Солнце село на скалу. Казалось, растопит ее, и поплывут камни, как разогретый воск.
– А разбогатели ли вы с этих камней-то? – кивнул на котомки с образцами Устин.
– Отец стал богат. Ванин знаменит. Я все такой же, только врагов наживаю.
– С чего бы тебе-то их наживать? – удивились побратимы.
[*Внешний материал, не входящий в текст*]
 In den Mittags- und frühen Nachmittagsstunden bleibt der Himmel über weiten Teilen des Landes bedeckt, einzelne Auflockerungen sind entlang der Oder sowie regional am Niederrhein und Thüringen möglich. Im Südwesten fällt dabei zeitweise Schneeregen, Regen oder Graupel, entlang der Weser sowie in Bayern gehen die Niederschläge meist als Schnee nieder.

– Будто я чужие месторождения перехватываю. Нашел я серебро и олово у монастыря поморских староверов, а тут на него враз охотники нашлись: мы, мол, эти камни видели, украл у нас их Силов. А вот ты гля, – Федор сунул под нос Устину оловянный камень. – Что это? Не знаешь, вот и те, кто меня вором обзывают, не знают, что это. Раз нашел редкий камень, то неси его геологам, столби то место и требуй деньги. Ванин за «галмейную шапку» обещал наградить находчика полсотней тысяч серебром. Вот и ищите. Ищите, ежели знаете, что такое галмей, смитсонит, гидроцинкит. А в Щербаковке мы с Арсе зашли к знакомому, смотрю: его баба сняла с капусты камень, тяжелый, хорошо гатит капусту. Глянул я – оловянный камень, с примесью свинца, серебра и цинка. Вот Арсе свидетель, он не даст соврать, я за тот камень заплатил пятьсот рублей да за показ, где взяли, – сто. Сколько мы там лазили, пока не обнаружили жилешку, а потом по коренным породам ее проследили. Сдал Ванину. Заплатил он отцу за то месторождение десять тысяч, рудник уже образуют, а на меня крик – украл, мол, чужое, присвоил. Помяните меня, что все найденное мною или с чьей-то помощью будет не мое, а генерала Крупенского, он любому скажет, что это нашел Ванин, что это его, генерала Крупенского, заслуга. Мы простые пахари, и тот, кто ест наш хлеб, не думает, кто его вырастил. А народ-то наш дик, подхватывает разные сплетни и поносит меня. Вот и этот человек не прознал, где звон, а нас хунхузами обозвал, – с обидой, с болью в голосе говорил Федор Андреевич.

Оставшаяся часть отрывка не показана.